We had scant grounds to treat Ramavatar’s obdurate strategy with skepticism, but it’d be a costly miss if the tiger thought differently and outsmarted this wily old player. What if the tiger weren’t in the mood to conform to his usual behaviour today? It was a gamble, perhaps a highly calculated one, Ramavatar might say. It was also a matter of intuitive belief overriding hardcore rationality. Logic has its place but the man of the wilderness uses it less often than the sixth sense he’s so consummately blessed with. Everything became calm in a couple of minutes and we found ourselves relaxing again.
I had my lens mounted on the monopod and had set it up to get a decent angle, should the tiger decide to put in an appearance. I checked the light and found it to be very poor, so I pushed the ISO to 800 and looked through the lens to study the composition when I felt a hand pressed on my shoulder. And then those magical words were whispered: “Tiger aaraha hai!”
This singular utterance had not in the least bit a moderate effect on my vital signs. It is just as well that in the biological scheme of things my heart was encaged in a sound casing of ribs and flesh, for any less fortified a configuration would have proved too frail in preventing it from popping right out like the parrot that breaks open its windows and sounds out the hour in an alarm clock. Beating wildly like the dance steps of an inebriated party-animal, it fluttered with random orientation, as though swept by a gale, levying a heavy toll on my oral moisture, and dehumidifying my throat with remarkable effectiveness in less than an instant.
So anxious was I to capture the moment that caused this bodily upheaval that I never looked with my naked eye! My vision was glued to the viewfinder with something of a celestial permanence, and it took about three seconds for the tiger to walk into the frame. Slowly he emerged from behind the bushes, but his gait was purposeful. When he saw our vehicle, which was the only one there, he paused for an infinitesimal moment to evaluate the situation, and decided to keep his course but for good measure issue us a silent snarl! Then he continued to walk, only once more looking in our direction as in this sub-optimal photograph, and stepped on to the sandy path and crossed over to the jungle on the left.
|The tiger walks.|
We pursued him for another two minutes, during which we could see him walking through the bushes, all his enormity melting into the surroundings as effortlessly as a sugar cube in boiling tea.
Off the path a herd of sambhar spotted his dreaded form and belled out with skull-cracking resonance, as every creature in the vicinity was apprised of the lurking danger to their fragile lives, as into the darkness of the forest disappeared the creature of many a reverie and nightmare.
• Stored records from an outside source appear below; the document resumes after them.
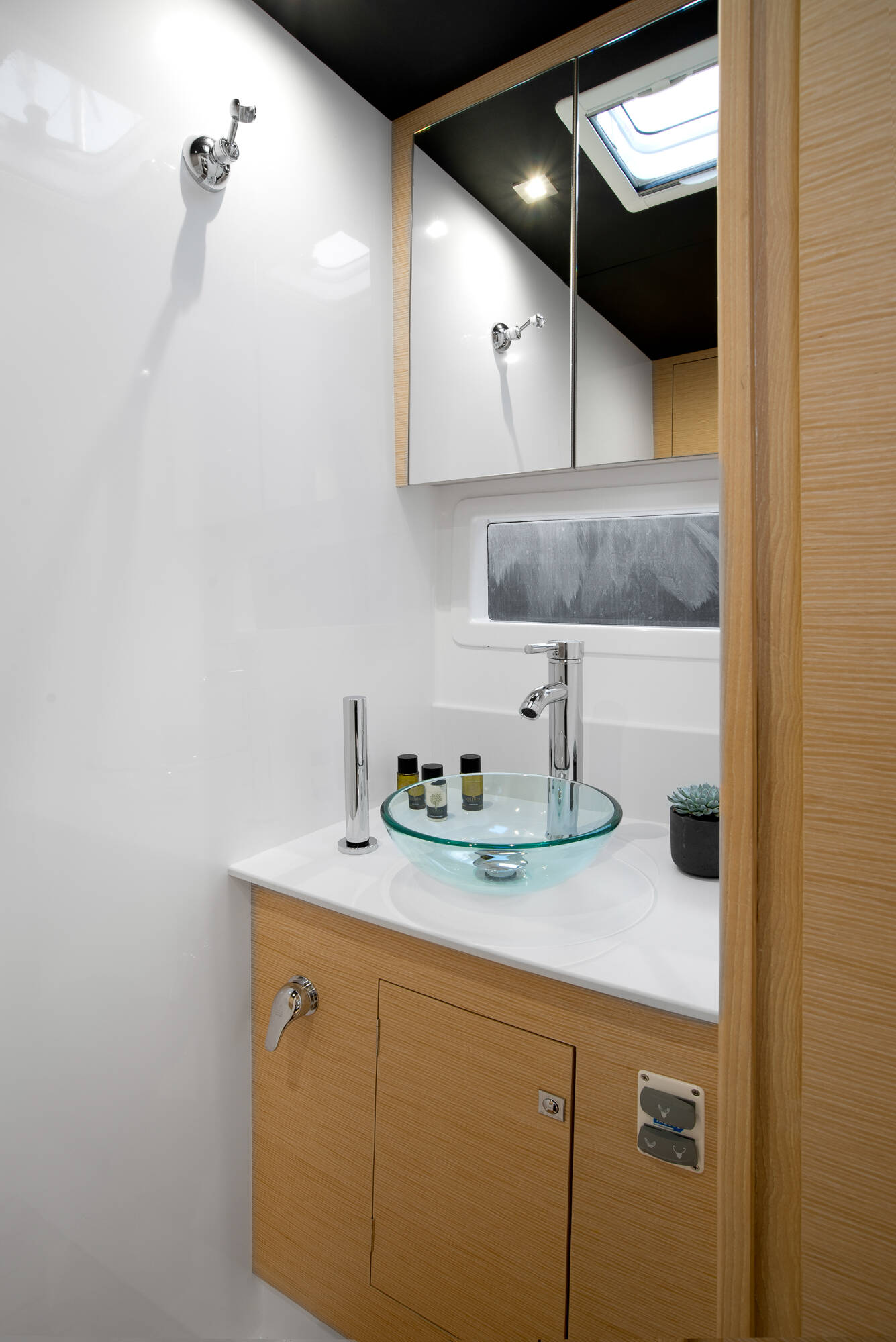 Catamaran Dufour 48 Catamaran Orfeas, built in 2023 is anchored in the Lefkas main port, Ionian Islands, Greece. It has 5 + 1 cabins, can accommodate 10 + 2 people and has 5 + 1 toilets. Bed linen and kitchen equipment are included in the price.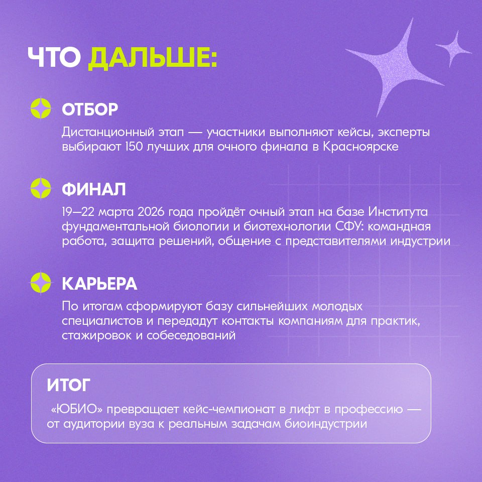 Как устроен путь от подачи заявки до очного финала в Красноярске, какие направления задействованы и почему «ЮБИО» — это не разовое событие, а старт карьерной траектории для сотен студентов, читай в карточках. И да, свои «а если я из другого региона?» и «как собрать команду?» задать Диане можно в комментариях.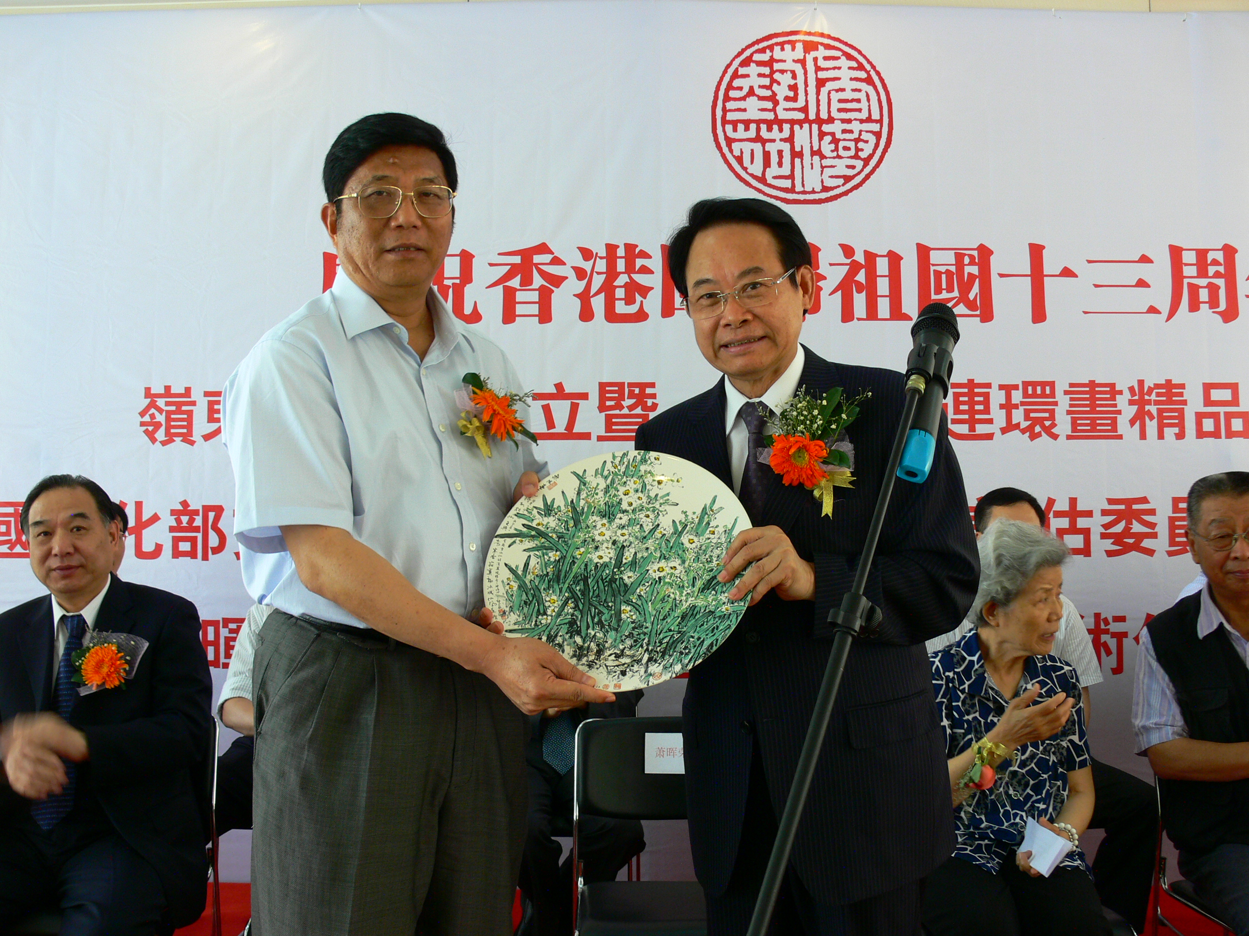 香港艺苑集团董事长、总裁萧晖荣教授向市政协主席、市委常委、常务副市长罗仰鹏赠送礼品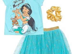 Disney Princess Moana Frozen Girls T-Shirt Tulle Mesh Skirt and Scrunchie 3 Piece Outfit Set Toddler to Big Kid – Jasmine, 6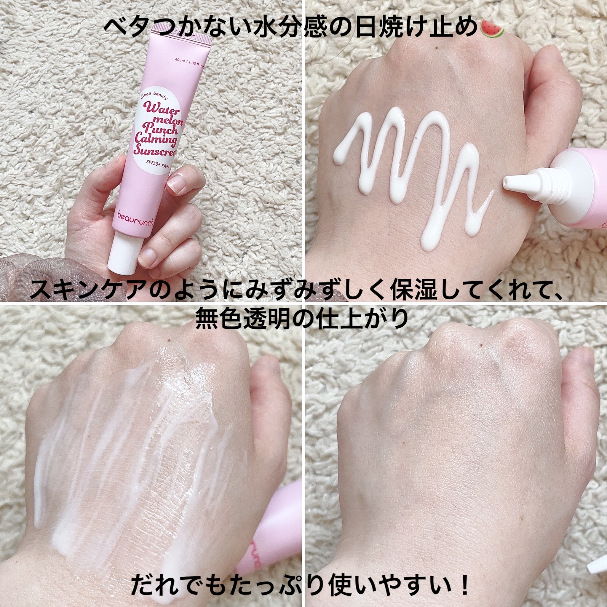 ◆2025使い切りレビューNo.53ビューランチウォーターメロンパンチカーミングサンスクリーンSPF50+PA++++すごくスイカの美味しそうな香りがする、スイカエキス配合の日焼け止め。テクスチャーも滑らかで瑞々しく、水分でもちもちするような...

“Maine kaha na, yaheen aayega? Jab ye tiger sirf teen mahine ka tha tabse dekh rahahoon ise,” Ramavatar gloated justifiably. When every other driver had rushed to the source of the alarm calls, Ramavatar had quietly stayed back, fully aware that if we hadn’t seen a tiger, he’d be guilty of not having followed the herd. He knew better. And even as we stared with agape mouths at this sensational piece of tracking, the only expression that greeted us was Ramavatar’s nonchalant, content smile.
I wouldn’t have considered it incongruous had he even laughed in thrall, for he had made the difference between a dream unseen and a tale for posterity by showing us what happens when a tiger walks.